1. The problem statement, all variables and given/known data
Given the following k-space representation of the wave function:
Ψ(k,t) = Ψ(k)e-iħk2t/2m

use the wave number representation to show the following:

<x>t=<x>0 + <p>0t/m

<p>t=<p>0

2. Relevant equations
<x>=∫Ψ*(x,t)xΨ(x,t)dx
<p>=∫Ψ*(x,t)(-iħ ∂/∂x)Ψ(x,t)dx
3. The attempt at a solution
I have tried to make the k-space representation into the normal Ψ(x,t) representation then taking Ψ*(x,t) and taking that integral where Ψ(x,t)=1/√(2pi)∫Ψ(k)e-iħk2t/2m*ei(kx-ħk2t/2m)dk

However, I get caught up when calculating <x> at the following integral: <x>=1/2pi*∫∫(Ψ*(k)Ψ(k) x dk)dx

2. Feb 15, 2016

### blue_leaf77

You don't need to do that calculation because you are asked to compute the integral in the k space, and you have also been given the state in k space.
Your equation is not correct.
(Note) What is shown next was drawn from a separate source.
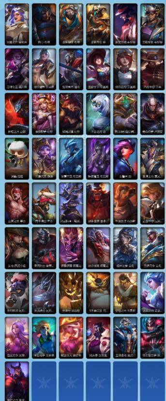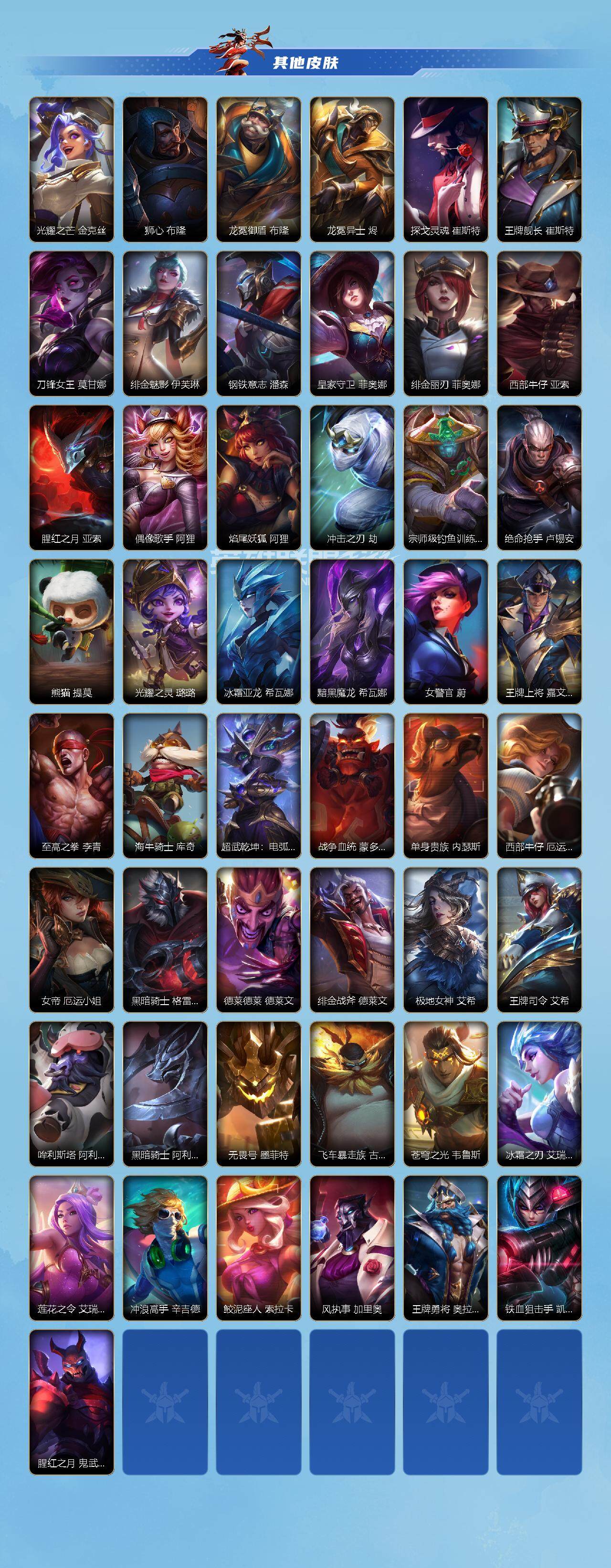 【史诗皮肤】 地狱火阿木木 霸天战士-雷恩加尔 丧尸努努和威朗普 猎龙勇士赵信 霸天龙神奥瑞利安索尔 弹幕天使卡莎 福牛守护者菲奥娜 福牛守护者安妮 星之守护者璐璐 源计划裁决蔚 暮星之羽霞 晨星之翎洛 福牛守护者嘉文四世 地下拳王李青 玉剑传说无极易 福牛守护者德莱厄斯 灵魂收割者德莱文 奥术大师吉格斯 电玩勇者瑞文 白色死神维鲁斯 暗星维鲁斯 星之守护者伊泽瑞尔

Even if you want to do the integral in x space by first expressing $\psi(x,t)$ in its Fourier integral, there should be three integral signs appearing there. But again you don't need to do this. Simply calculate
$$\int_{-\infty}^{\infty} \psi^*(k,t)x\psi(x,t) \hspace{2mm}dk$$
Your first task is to find out how the operator $x$ acts in k space.
Hint: the expression of $x$ in k space is similar to that of $p$ in position space.

3. Feb 15, 2016

### Cracker Jack

Thank you, I think this helps. I was thinking x could only act on Ψ if it was Ψ(x,t). Looking through lecture notes, I think that x operates in k space as i∂/∂k. Is that correct?

4. Feb 15, 2016

### blue_leaf77

Yes correct.
States are vector in vector space and the operators are the linear maps in the vector space. Since vector space can have more than one bases, the operators can also have different form depending on which bases being used. When position bases is being used $x$ becomes simply a number, in k space $x$ acts such that it has the form you wrote there.

5. Feb 15, 2016

### Cracker Jack

Thank you this helped a lot, and now I think I've gotten the right answer.